If DRS or HA is not already enabled on an existing cluster, it can be enabled by right-clicking the cluster
and selecting Edit Settings. Under Cluster Features, select "Turn On vSphere DRS" and "Turn On
vSphere HA". Use settings specified in "Setup Cluster" above.
8.1.3 Add Hosts to Cluster

In the vCenter Client, select Inventory, Hosts and Clusters. In the left column, right-click the Cluster
that was just created and select "Add Host...". Follow the Add Host Wizard to add a Host. Repeat for each
additional Host.
8.1.4 DRS/FT Settings

In the vCenter Client, select Inventory, Hosts and Clusters. In the left column, click a host in the
cluster. On the right side there will be a row of tabs near the top of the window, click on Configuration
then click on Networking. The window will display vSwitch port groups. By default A VMkernel Port called
Management Network is pre-configured. Click Properties... of the vSwitch, choose the Management
Network and click the Edit button. Enable vMotion and Fault Tolerance Logging from the
Management Network Properties window.
To verify the FT status of a host, click on the Summary tab and locate Host Configured for FT in the
general section. If there are any issues with FT they will be shown here.
8.1.5 Enable FT on specific virtual machine

Fault Tolerance runs one virtual machine on two separate hosts, it allows for instant failover in a variety of
situations. Before enabling FT ensure the necessary requirements are met:
Host hardware is listed in the VMware Hardware Compatibility List (HCL)
All hosts in the cluster have Hardware VT enabled in the BIOS
The Management Network (VMkernel Port) has vMotion and "Fault Tolerance Logging"
enabled
Available capacity in the cluster
Virtual machine disks are thick provisioned, without snapshots and located on shared storage
Virtual machine is single vCPU
In the vCenter Client, select Inventory, Hosts and Clusters. In the left column, right click the virtual
machine and select Fault Tolerance, Turn On Fault Tolerance.
8.2 Network Settings

Serengeti currently deploys using a single network. Virtual machines are deployed with one NIC which is
attached to a specific Port Group. How this Port Group is configured and the network backing the Port
Group depends on the environment. Here we will cover a basic network configuration that may be
customized as needed.
71
Either a vSwitch or vSphere Distributed Switch can be used to provide the Port Group backing a
Serengeti cluster. vDS acts as a single virtual switch across all attached hosts while a vSwitch is per-host
and requires the Port Group to be configured manually.
8.2.1 Setup Port Group - Option A (vSphere Distributed Switch)

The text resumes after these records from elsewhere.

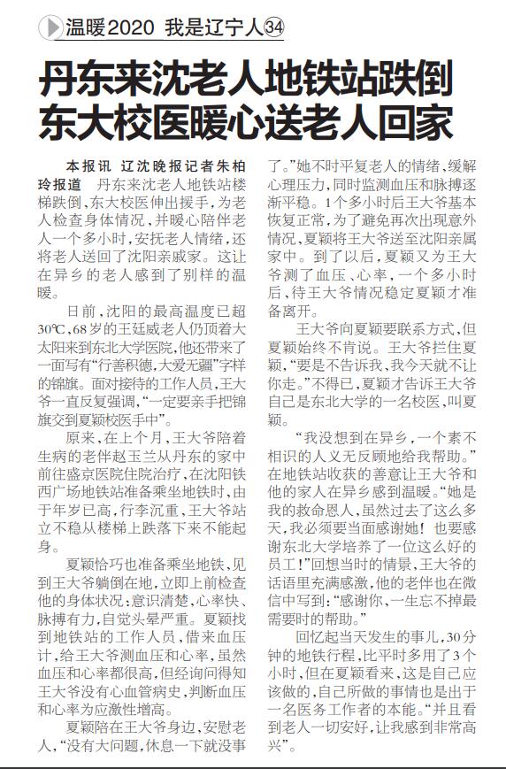 本报讯 辽沈晚报记者朱柏玲报道 丹东来沈老人地铁站楼梯跌倒,东大校医伸出援手,为老人检查身体情况,并暖心陪伴老人一个多小时,安抚老人情绪,还将老人送回了沈阳亲戚家。这让在异乡的老人感到了别样的温暖。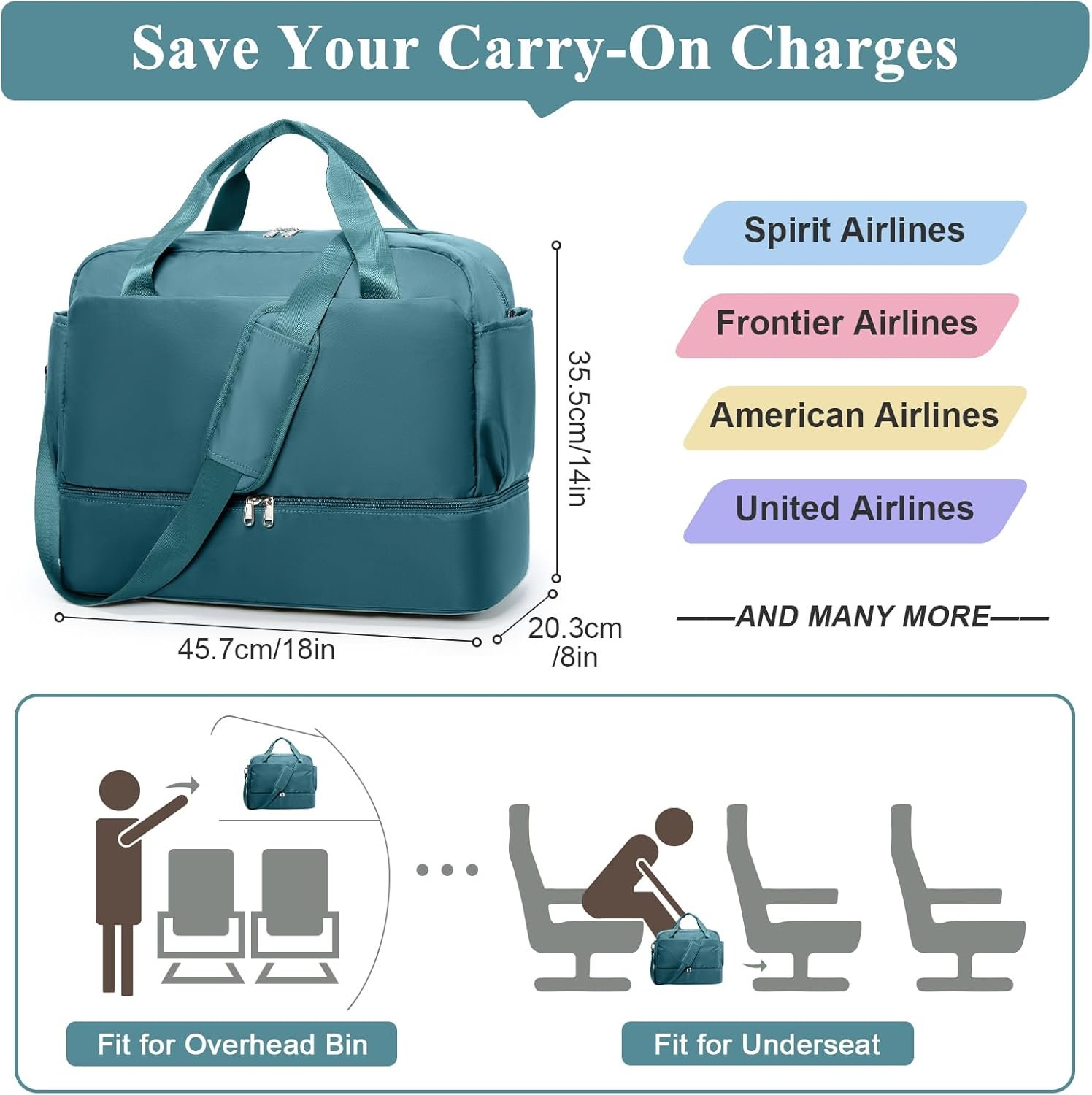 Meet the Standards for Air Travel: The travel bag size design of 18 x 14 x 8 inches meets the personal item size requirements of Spirit Airlines & Frontier, which can fit in the overhead compartment in flight,or under the seat during the flight. Using this personal item travel bag can save your carry-on charges
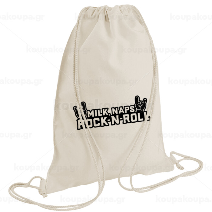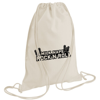Milk, Naps, Rock N Roll, Backpack bag GYMBAG natural (28x40cm)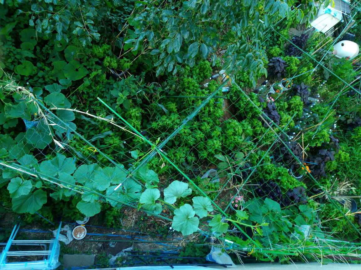 虫害に会い、タイムラグが出来た苗もありましたが、それぞれの個性で伸びてきたので、本葉八枚目くらいで親蔓を摘心し、子蔓、孫蔓を出させ、あとは毎日の水やりと時折追肥をするだけで、胡瓜さん・南瓜さんに任せっきりでした。来年はサツマイモを止めて、庭中に南瓜、胡瓜、ゴーヤ、豆類を植えるつもりです。何よりもとても面白かったのでした。

In the vCenter Client, select Inventory, Networking. Right Click the Datacenter and select New
vSphere Distributed Switch.
Using the Create vSphere Distributed Switch wizard. Choose Switch Version 5.0. Enter a name and
number of uplink ports (physical adapters) you require.
On the Add Hosts and Physical Adapters step, select the adapter(s) on each host that will carry traffic to
the switch.
On the last step it will create a default Port Group. You can rename this Port Group after it is created and
the wizard is completed.
8.2.2 Setup Port Group - Option B (vSwitch)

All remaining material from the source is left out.